RAW DATA:

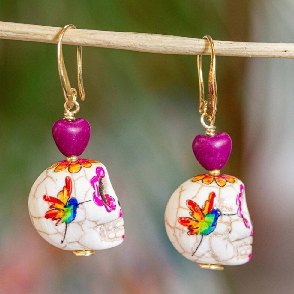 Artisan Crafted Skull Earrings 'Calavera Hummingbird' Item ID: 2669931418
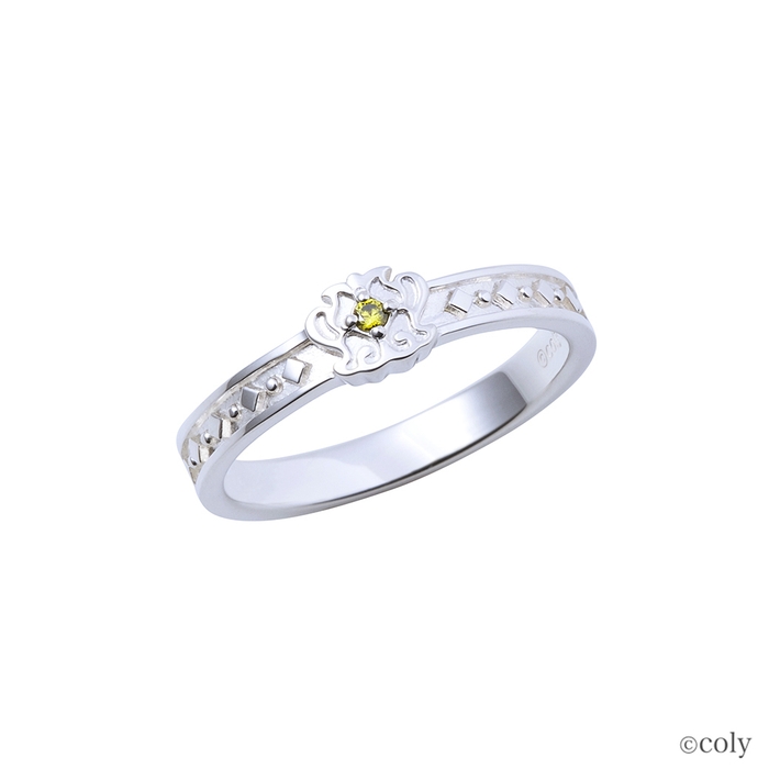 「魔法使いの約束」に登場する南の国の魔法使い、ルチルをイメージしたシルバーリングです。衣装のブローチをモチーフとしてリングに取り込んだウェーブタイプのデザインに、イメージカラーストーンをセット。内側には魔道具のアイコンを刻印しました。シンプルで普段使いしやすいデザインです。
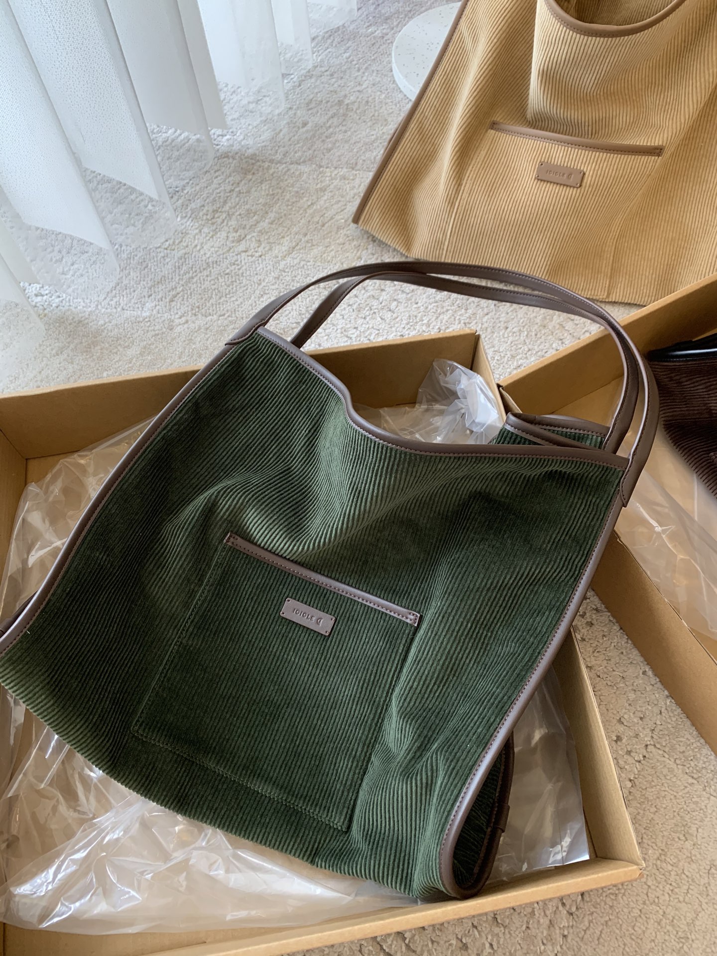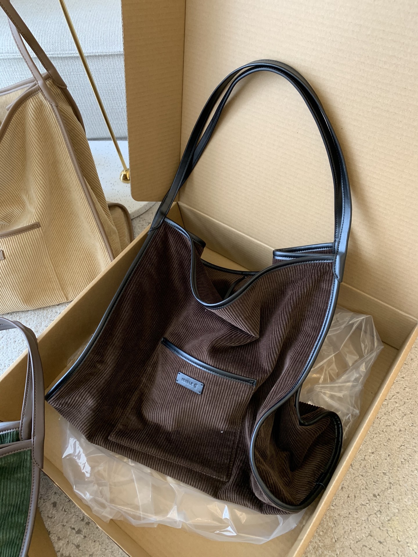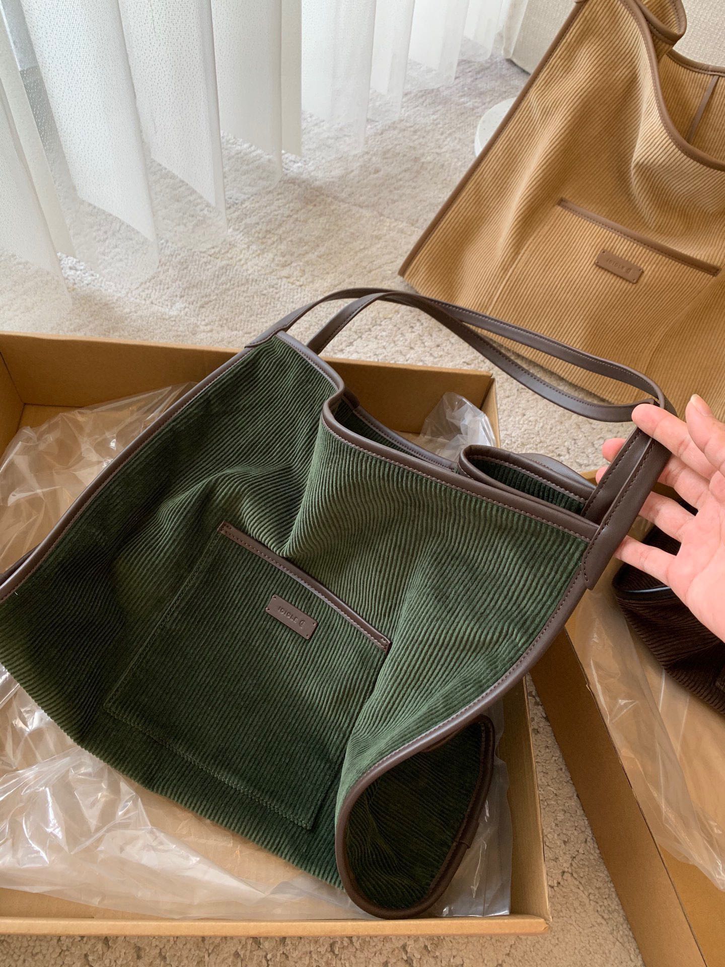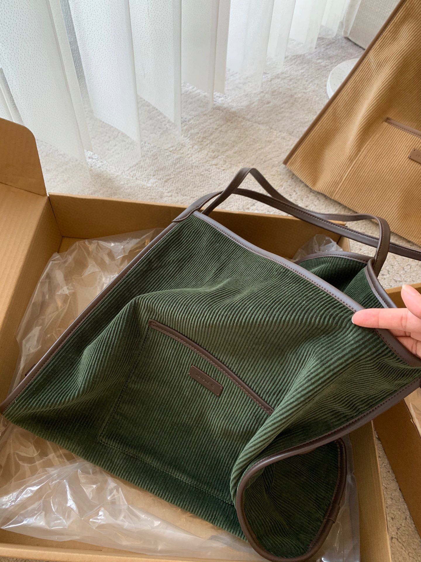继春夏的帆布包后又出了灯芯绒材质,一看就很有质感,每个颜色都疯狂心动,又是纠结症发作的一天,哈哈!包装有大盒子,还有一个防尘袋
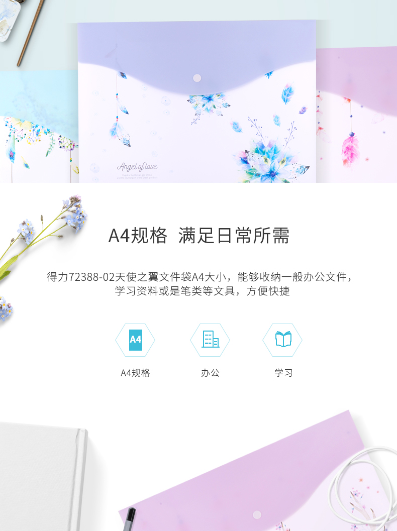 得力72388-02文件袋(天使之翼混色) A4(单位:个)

ACTION ITEM: Would you retype the listing above exactly, omitting its pictures?

EXPECTED OUTPUT:
 Artisan Crafted Skull Earrings 'Calavera Hummingbird' Item ID: 2669931418
 「魔法使いの約束」に登場する南の国の魔法使い、ルチルをイメージしたシルバーリングです。衣装のブローチをモチーフとしてリングに取り込んだウェーブタイプのデザインに、イメージカラーストーンをセット。内側には魔道具のアイコンを刻印しました。シンプルで普段使いしやすいデザインです。
继春夏的帆布包后又出了灯芯绒材质,一看就很有质感,每个颜色都疯狂心动,又是纠结症发作的一天,哈哈!包装有大盒子,还有一个防尘袋
 得力72388-02文件袋(天使之翼混色) A4(单位:个)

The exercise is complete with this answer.